Dr JamesReally? Right, wow, okay, interesting. There we go. Glad you asked that question, Debbie. Yeah, that's a really interesting point there. Anyway, um, okay, coming up to the final whistle. No, I think we've got time for one more, and that's from Ryan Stewart again. Trivial benefits. Can I buy six 50-point Amazon vouchers? You can, right? You can as long as it's not cash, isn't it?
DavidVouchers are cash.
Dr JamesOh, are they? Oh, never mind. Uh without these being redeemed, single 300-pound transaction. Ryan, why do I get the impression you're gonna rush off after this webinar and do exactly this? Uh, you've you've thought this through. Uh deemed a single 300-pound transaction, 600 pound if I go mad for the wife, and and who is my secretary to? Okay. Uh, or do they need to be spread out throughout the course of the year, basically, is what Ryan's asking.
DavidRyan sounds really fun. Um yeah, it is it's limited to 50 pounds per transaction, and it can't be vouchers. Vouchers are cash, basically.

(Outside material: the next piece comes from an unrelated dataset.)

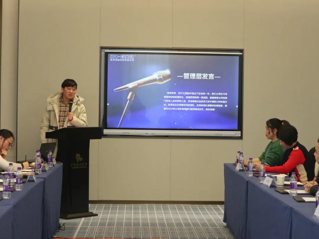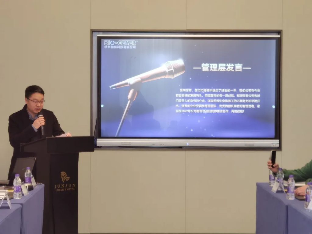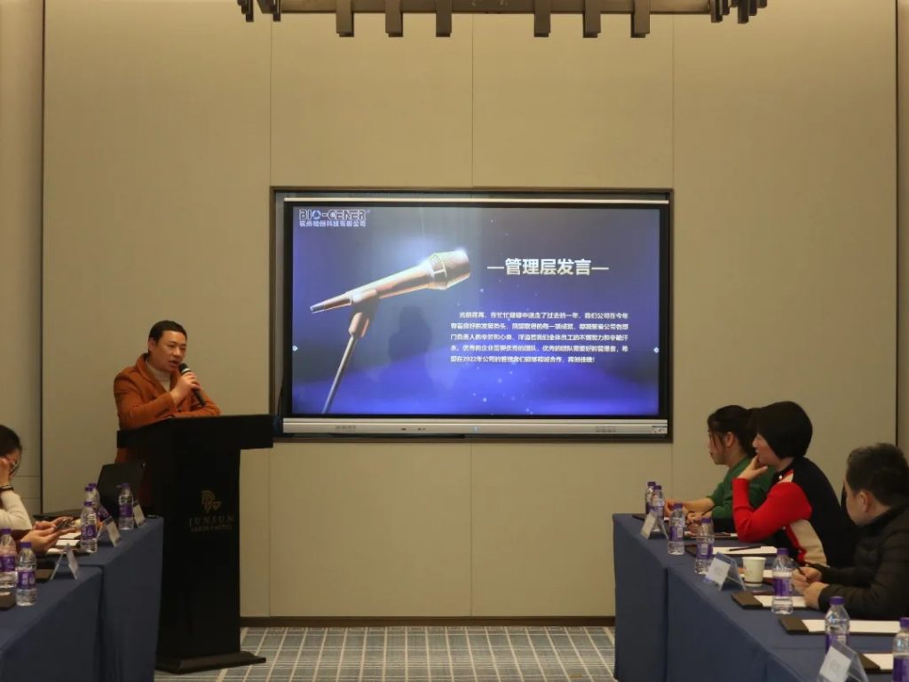 總經(jīng)理黃霖進(jìn)行年度總結(jié),會(huì)議中黃總介紹了公司2021年度業(yè)績完成情況,并對(duì)2022年及后三年的業(yè)績做了展望分析。

Dr JamesSo right. But then the second part of that, I guess, what Ryan is getting at is if you do them all in one evening, like a little flurry, three uh six fifty pound vouchers, that's okay. Or six, not sorry, not vouchers, six fifty-pound expenses.
DavidYes. 300 pound of wine that's 50 pounds each in one transaction. Yeah, as long as it's you know, I think the key is a transaction, I would have it as one bank payment, two bank payments, three bank payments. Like just do them separately, don't just buy six bottles of wine for 50 pounds each, because that could be seen as one purchase. Just have it as separate payments. Nice. All in the same day, yep, go mad, as you say.
Dr JamesAnd then am I right in saying, okay, no, no, that's fine. Yeah, that makes sense. Because you could, yeah, you could have it's it's basically purchases, right? You can have multiple items in each purchase, but the purchase can't exceed 50 points. Yeah, is another way of saying that.